At Judy's house, the builder (Jim Buss) not only conscientiously screwed down all the subflooring, but also used an adhesive between the subfloor and trusses. Judy should not be hearing any squeaks in that house.
[Update: While Judy was still moving in, we noticed a squeak in the floor near the middle of her bedroom. I'm at a loss as to what is causing it and how it could have been prevented. It may be that the subflooring was only screwed down along the edges and the center of a piece of subflooring is what is squeaking.]

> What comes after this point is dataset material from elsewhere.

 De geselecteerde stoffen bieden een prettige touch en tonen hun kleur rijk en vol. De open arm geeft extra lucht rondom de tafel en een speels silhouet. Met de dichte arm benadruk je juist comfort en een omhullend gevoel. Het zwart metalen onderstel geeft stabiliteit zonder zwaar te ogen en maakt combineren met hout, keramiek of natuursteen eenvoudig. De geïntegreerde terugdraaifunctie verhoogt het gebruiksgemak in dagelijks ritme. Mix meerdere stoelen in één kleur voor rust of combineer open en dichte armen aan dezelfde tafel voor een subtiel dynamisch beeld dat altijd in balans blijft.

In contrast, while Judy's house was being built, I went into another house in our neighborhood which was nearing the end of construction and had a lot of high-end features, but the flooring was not in yet and I could see that the subflooring was just nailed down. This probably means that the sheetrock was only nailed as well. So that house will have lovely wooden floors, but laid on top of squeaking subflooring, and walls with elaborate wood trim, but nails which will be popping up from the sheetrock.

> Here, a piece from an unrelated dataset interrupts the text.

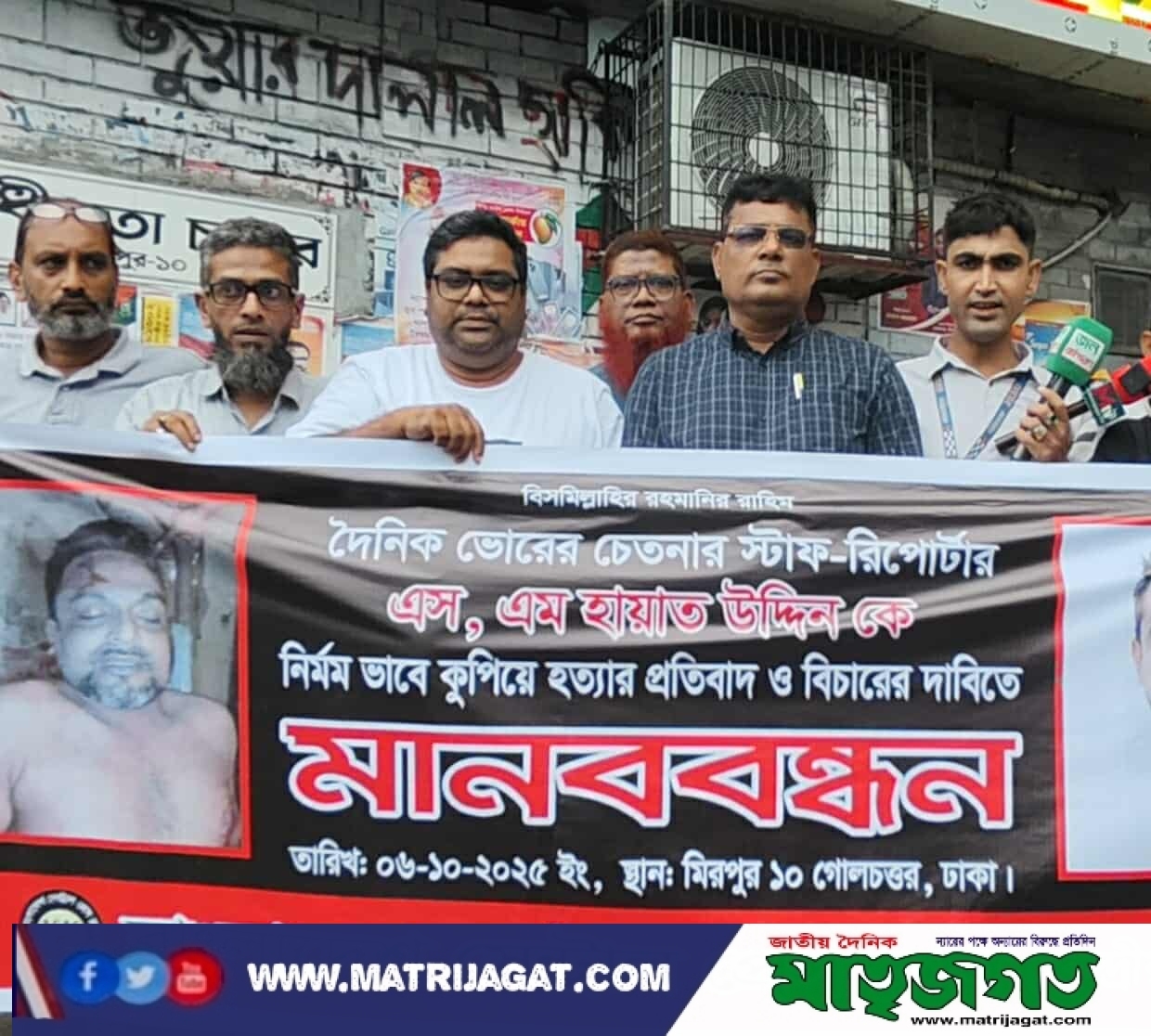 বাগেরহাটে সাংবাদিক হায়াত উদ্দিন হত্যার প্রতিবাদে মিরপুরে বাংলাদেশ সেন্ট্রাল প্রেস ক্লাবের মানববন্ধন,দ্রুত গ্রেফতার ও দৃষ্টান্তমূলক বিচারের দাবি সাংবাদিক সমাজের।

Footers are poured to support a slab, just as for a pier-and-beam foundation. Before pouring the slab, the following steps should be taken:
Once the slab has hardened, framing of the walls and roof can begin. A popular option these days is to stain/dye and polish or stamp a pattern on the concrete foundation to use as the finished flooring.
You never want to see big cracks in your concrete slab, but even less so if you are going to have exposed concrete as your finished flooring.
Even with a pier-and-beam foundation, you do not want the concrete weakened to half of its nominal strength as less.
As noted on the page for pouring a concrete driveway, many factors can affect the quality and strength of the concrete. One of the main factors is the temperature when the concrete is poured.
While it is possible to pour concrete in freezing temperature if additional steps are taken to protect it from freezing, as described at the link above, this is definitely something you should discuss with the builder to make sure those steps WILL be taken.
A better alternative would be to wait until around April to begin construction. This gives the builder 7 months or so to get to the point where the driveway and sidewalk(s) should be poured and cured before the first November freeze hits.
On the other end of the calendar -- if you are planning to start building in the Fall, do all you can to get the foundation poured by the first part of November. Don't forget that after you sign a contract with a builder, it will be 2-3 weeks (or longer) before he can get ready to submit applications to the building committee (which only meets twice a month) and get approval for construction. figure on signing that contract no later than the first of October.